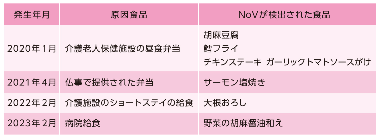 厚生労働省作成の大量調理施設衛生管理マニュアルでは、NoVによる食中毒対策として85~90℃で90秒以上の加熱調理を求めており、一般の飲食店等においても加熱調理をしっかりと行えば食中毒を防げるとの認識が浸透している。ところが、加熱だけに注意が向けられるようでは対策として不十分である。近年は、パンソルビン・トラップ法のような食品中のウイルスを検出する技術が開発されて、実際の汚染状況がわかるようになってきた。次の表は当センターで扱った食中毒事例で、どのような食品からNoVが検出されたかを示したものである。大根おろし以外は、十分に加熱調理された食品である。他の機関からの報告でも、“そら豆の煮物”、“焼き魚”、“唐揚げ”、“学校給食のパン”等、加熱調理済みの食品からNoVが検出されている。
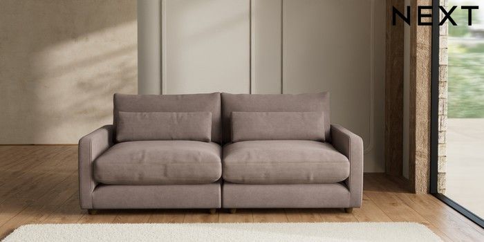 7.2.6 Buy N Premium Farndon Grand Relaxed Sit 4 Seater Sofa Luxe Chenille Mink Brown Wooden Glide - Mid from the Next UK online shop Click here to use our accessible website
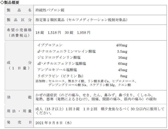 大正製薬株式会社[本社:東京都豊島区 社長:上原 茂](以下、当社)は、パブロンシリーズから、1日2回の服用で、つらいのどの痛み・せき・鼻みず・熱など、かぜの諸症状に効く「持続性パブロン錠」を新発売いたします。
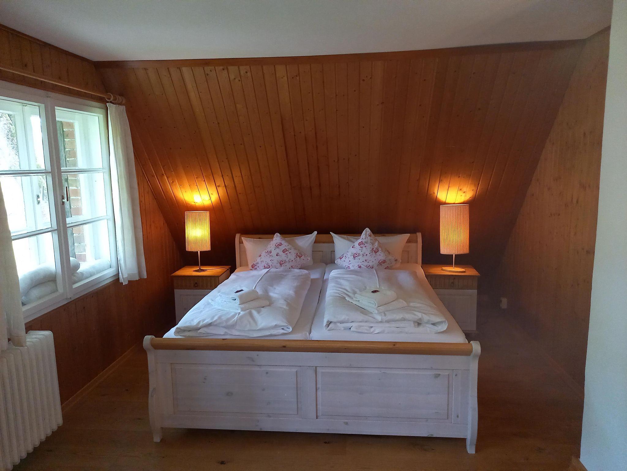 Mitten im Grünen, direkt an das Hotelgrundstück angrenzend und mit Blick auf den hauseigenen Natursee, liegt dieses romantische Ferienhaus. Die rustikale Einrichtung des 120 qm großen Hauses mit Badezimmer, Wohnküche, großzügigem Wohnbereich mit offenem Kamin und Terrasse bietet ein gemütliches Ambiente für den Urlaub unter Freunden oder mit der ganzen Familie.
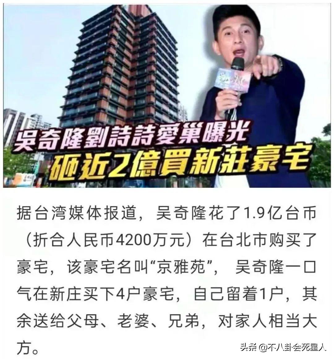 身家丰厚的吴奇隆对家人也是十分大方,据悉,吴奇隆在台北买了四套总值2亿的豪宅,除了一套留给他和刘诗诗夫妻住,其他三套给父母和兄弟住。

....

**PROBLEM**
No pictures belong in the copy. Retype exactly, and only, the lines from the line containing "Mitten im Grünen, direkt" through the last line of the data, both included.

**EXERCISE RESULT**
 Mitten im Grünen, direkt an das Hotelgrundstück angrenzend und mit Blick auf den hauseigenen Natursee, liegt dieses romantische Ferienhaus. Die rustikale Einrichtung des 120 qm großen Hauses mit Badezimmer, Wohnküche, großzügigem Wohnbereich mit offenem Kamin und Terrasse bietet ein gemütliches Ambiente für den Urlaub unter Freunden oder mit der ganzen Familie.
 身家丰厚的吴奇隆对家人也是十分大方,据悉,吴奇隆在台北买了四套总值2亿的豪宅,除了一套留给他和刘诗诗夫妻住,其他三套给父母和兄弟住。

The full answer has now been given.